**DATA SHOWN:**
━━━━

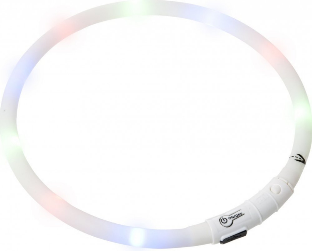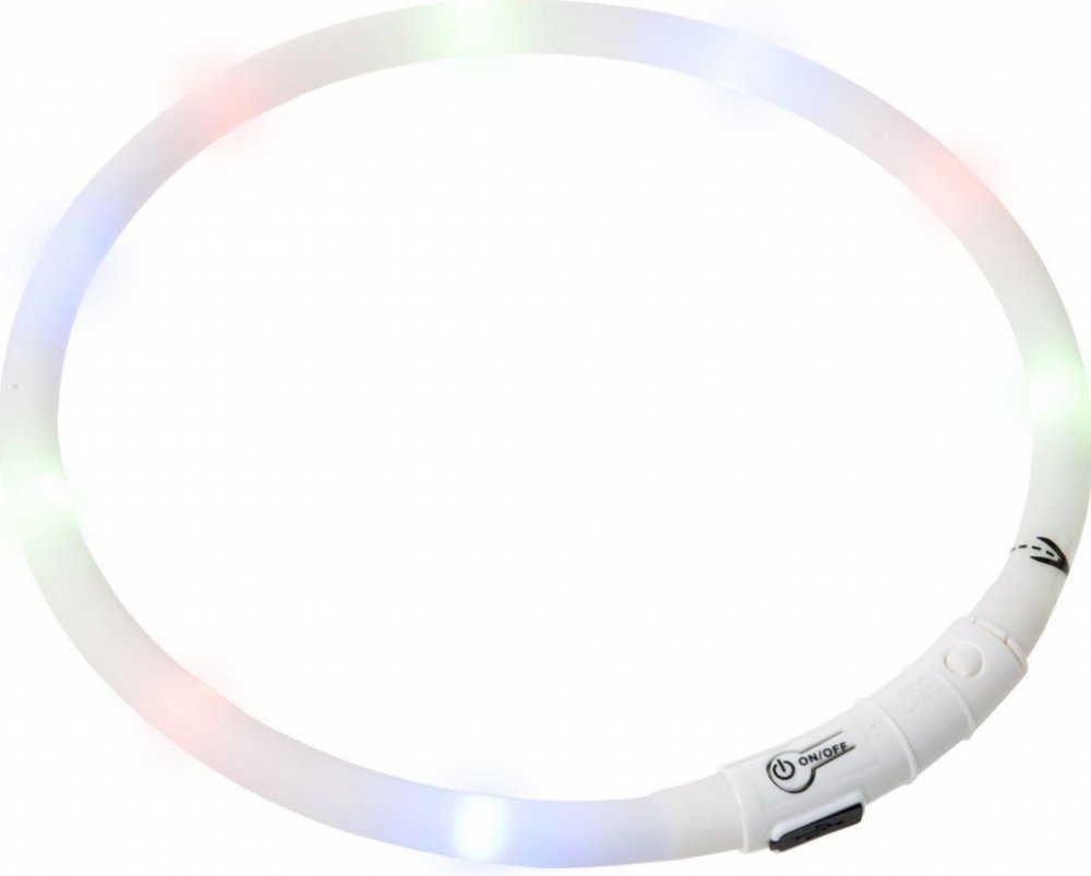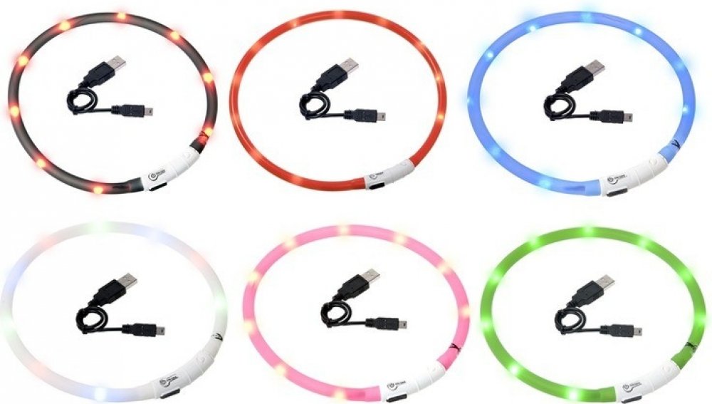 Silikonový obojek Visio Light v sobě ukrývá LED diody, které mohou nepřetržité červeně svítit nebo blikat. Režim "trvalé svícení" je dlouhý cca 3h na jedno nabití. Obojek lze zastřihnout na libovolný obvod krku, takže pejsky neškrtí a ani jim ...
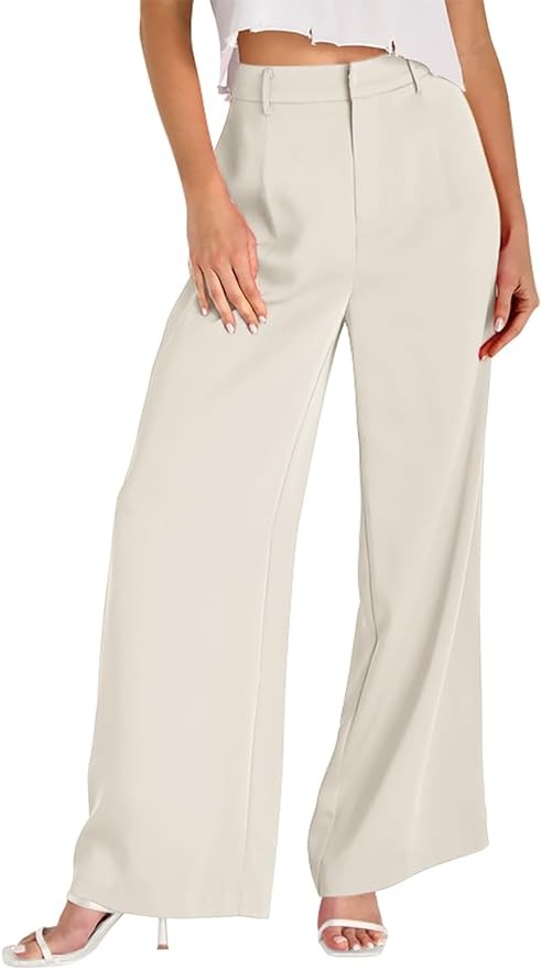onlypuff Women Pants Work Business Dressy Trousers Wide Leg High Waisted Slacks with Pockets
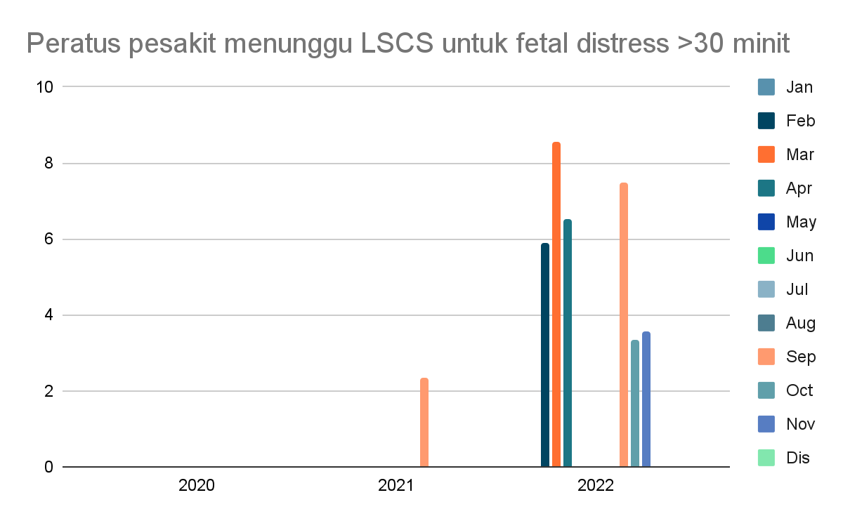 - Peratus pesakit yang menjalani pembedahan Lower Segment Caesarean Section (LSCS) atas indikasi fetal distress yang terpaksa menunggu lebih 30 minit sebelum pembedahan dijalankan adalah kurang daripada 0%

━━━━

**EXERCISE DESCRIPTION:**
Line by line, give the material above again exactly, but without any pictures.

**ANSWER TO THIS EXERCISE:**
 Silikonový obojek Visio Light v sobě ukrývá LED diody, které mohou nepřetržité červeně svítit nebo blikat. Režim "trvalé svícení" je dlouhý cca 3h na jedno nabití. Obojek lze zastřihnout na libovolný obvod krku, takže pejsky neškrtí a ani jim ...
onlypuff Women Pants Work Business Dressy Trousers Wide Leg High Waisted Slacks with Pockets
 - Peratus pesakit yang menjalani pembedahan Lower Segment Caesarean Section (LSCS) atas indikasi fetal distress yang terpaksa menunggu lebih 30 minit sebelum pembedahan dijalankan adalah kurang daripada 0%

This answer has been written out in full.